### EXERCISE INSTRUCTIONS
In the copy you make of the entries, no picture should appear, and every word must match.
▬▬▬▬▬▬
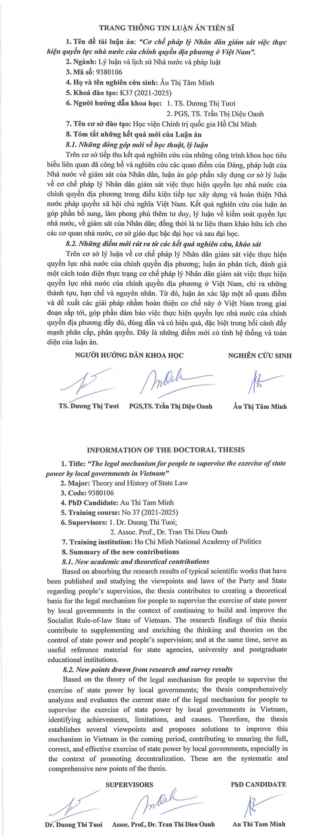 Nghiên cứu sinh Âu Thị Tâm Minh tóm tắt những kết luận mới của luận án
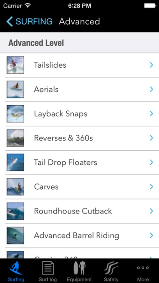 Advanced Level - Learn the most advanced moves performed in surfing with images, steps, descriptions and VIDEOS.
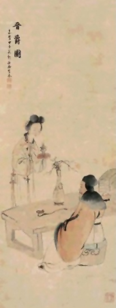 朱本(1761-1819),清代。字素人,号溉夫、竹西,江苏甘泉(今扬州)人。山水画法明文伯仁,笔墨秀润古雅。花卉、人物笔致简淡恬静。游寓京师(今北京)时,与其兄文新、泰州朱鹤年并称“三朱”。
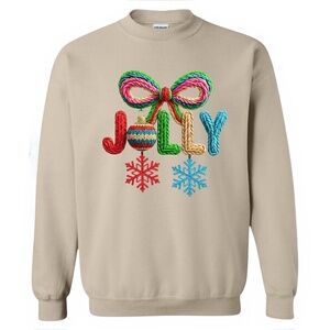 We are absolutely swooning over this "Faux Yarn" aesthetic! This Sweatshirt brings that warm, handmade feel to your holiday gear. It features the word "JOLLY" designed with a hyper-realistic crochet texture in bright red, green, blue, and tan.
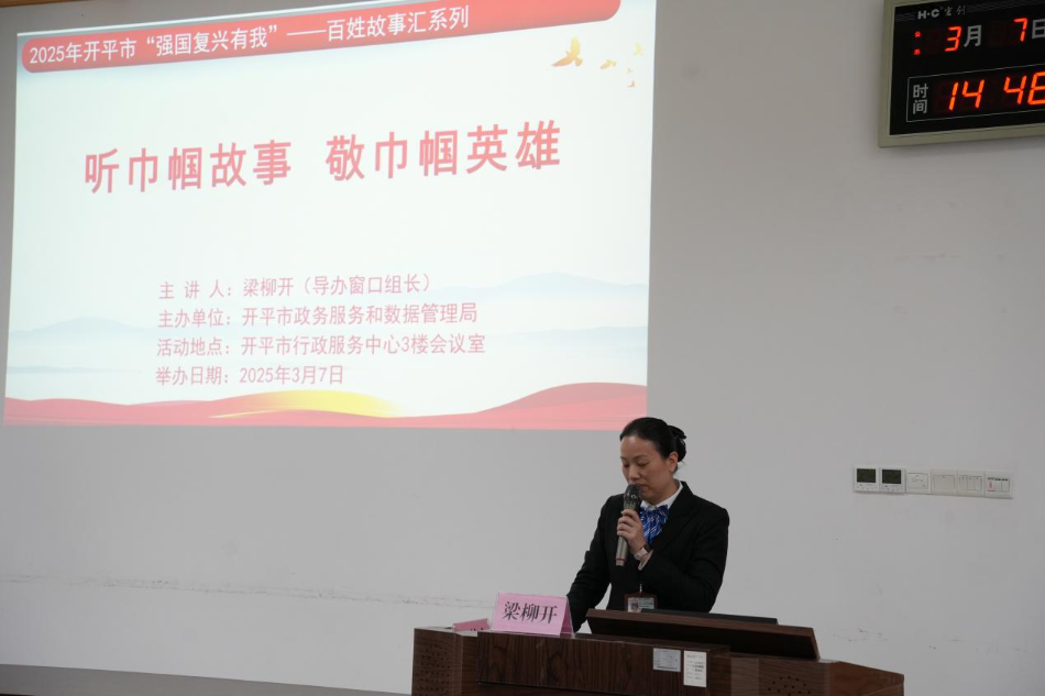 活動中,政務服務大廳導辦咨詢窗口組長梁柳開分享省婦聯(lián)副主席陳曉霞以及自己的政務故事。
▬▬▬▬▬▬
### WRITTEN SOLUTION
 Nghiên cứu sinh Âu Thị Tâm Minh tóm tắt những kết luận mới của luận án
 Advanced Level - Learn the most advanced moves performed in surfing with images, steps, descriptions and VIDEOS.
 朱本(1761-1819),清代。字素人,号溉夫、竹西,江苏甘泉(今扬州)人。山水画法明文伯仁,笔墨秀润古雅。花卉、人物笔致简淡恬静。游寓京师(今北京)时,与其兄文新、泰州朱鹤年并称“三朱”。
 We are absolutely swooning over this "Faux Yarn" aesthetic! This Sweatshirt brings that warm, handmade feel to your holiday gear. It features the word "JOLLY" designed with a hyper-realistic crochet texture in bright red, green, blue, and tan.
 活動中,政務服務大廳導辦咨詢窗口組長梁柳開分享省婦聯(lián)副主席陳曉霞以及自己的政務故事。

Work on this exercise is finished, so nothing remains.